In the xy-plane, region R consists of all the points (x, y) such that 2x + 3y <= 6. Is the point (r, s) in region R ? (1) 3r + 2s = 6 (2) r <= 3 and s <= 2

Can someone solve this problem graphically. I have trouble understanding the explanation given in OG. If it is explained graphically, it would be greatly appreciated. Thank you

Please see the attached image.

The turquoise line is the stem inequality 2x + 3y <= 6. Because the inequality says "<=", the region below the line will be valid region. Below means South-West side or the left side of the line.

(1) It is the equation of a line that is denoted by red line. Just look at the intersection of turquoise and red-line. It is at about (1.4,1.1). All red points above that intersection is outside the region defined by the turquoise line and all red points below that intersection is within the region. Thus, (r,s) may be within the region or outside the region. Not Sufficient.

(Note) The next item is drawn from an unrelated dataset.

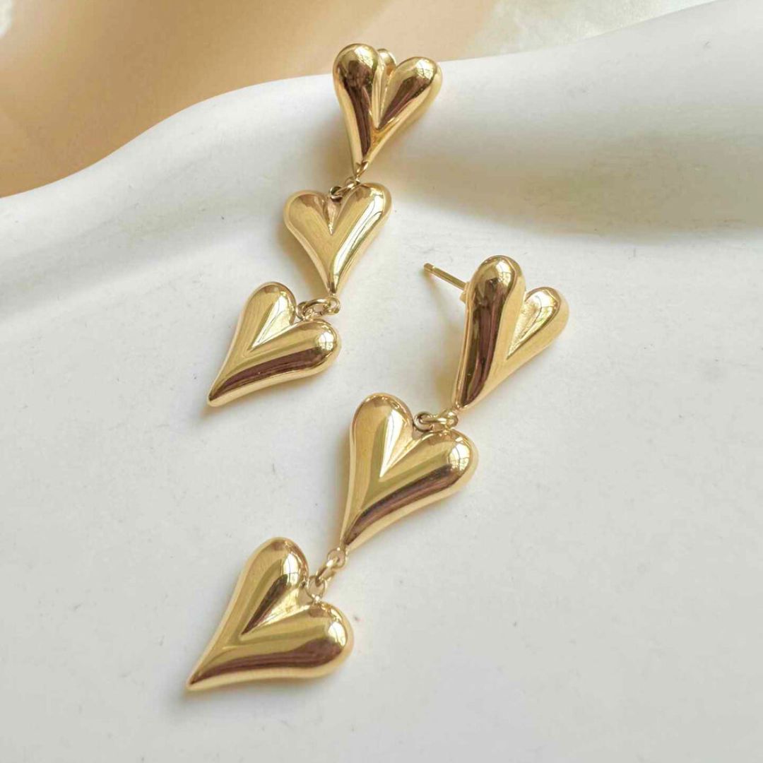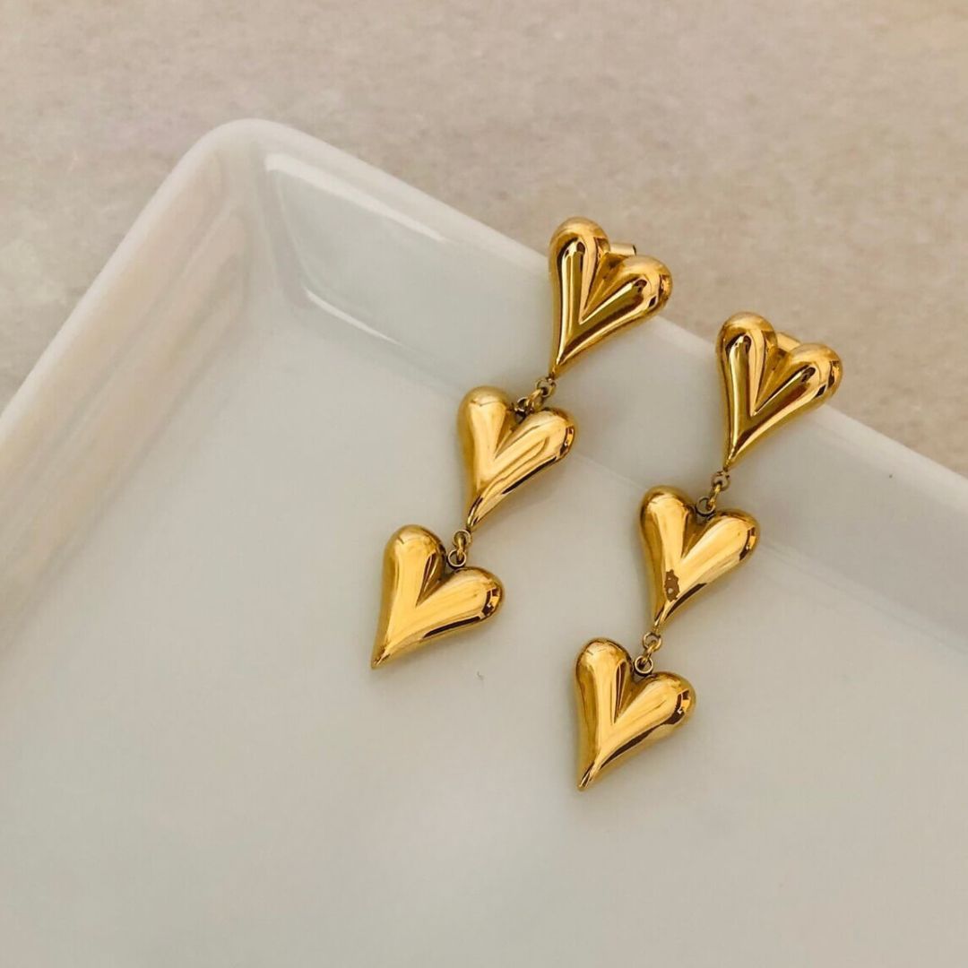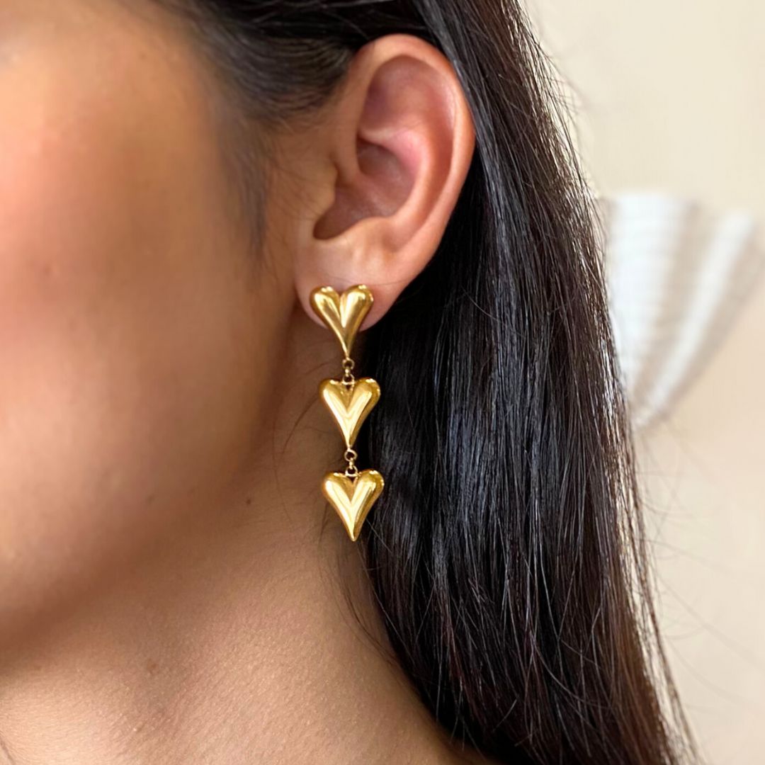 These cascading gold heart earrings bring a romantic vibe; style them with soft waves and a deep red dress for a dreamy date night look
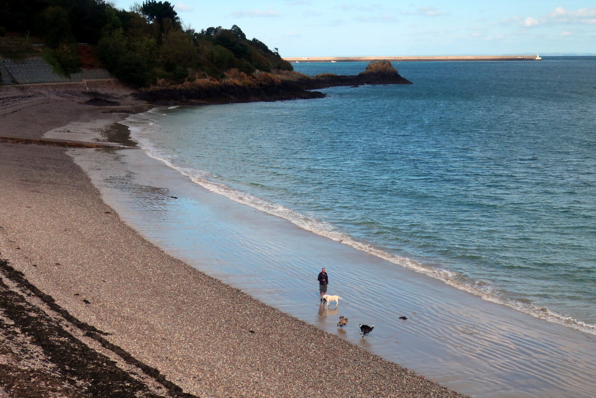 I have walked a fair distance now and am feeling it in the legs, so I stroll along the fine beaches slowly, just taking in the day. I have really enjoyed this, perhaps more than I expected to. There has been real variety –from the wilder North Coast cliffs, to the fine East Coast inlets, bays & quaint harbours, dotted with forts, round to the open sandy beaches of the South Coast, which will eventually lead back to the Town. Add in the superb walking weather and you have a winner.

(2) It is denoted by the blue lines. The point of intersection is (3,2). Thus, everything that is south-west from that point will be the region. South-west means below and left of the co-ordinate. We can clearly see that (0,0) is within the range that is defined by the turquoise line. And (3,2) is a point outside the region that is defined by the turquoise line. Thus (r,s) could be within the turquoise region or outside of it. Not Sufficient.

Combining both statements; We still have two regions: one within the turquoise, another outside. Outside the turquoise region: The red line between horizontal blue line and turquoise line. Within the turquoise region: The red line between vertical blue line and turquoise line. Not Sufficient.

Ans: "E"

Attachments

Inequality_Graphical.png [ 19.19 KiB | Viewed 3810 times ]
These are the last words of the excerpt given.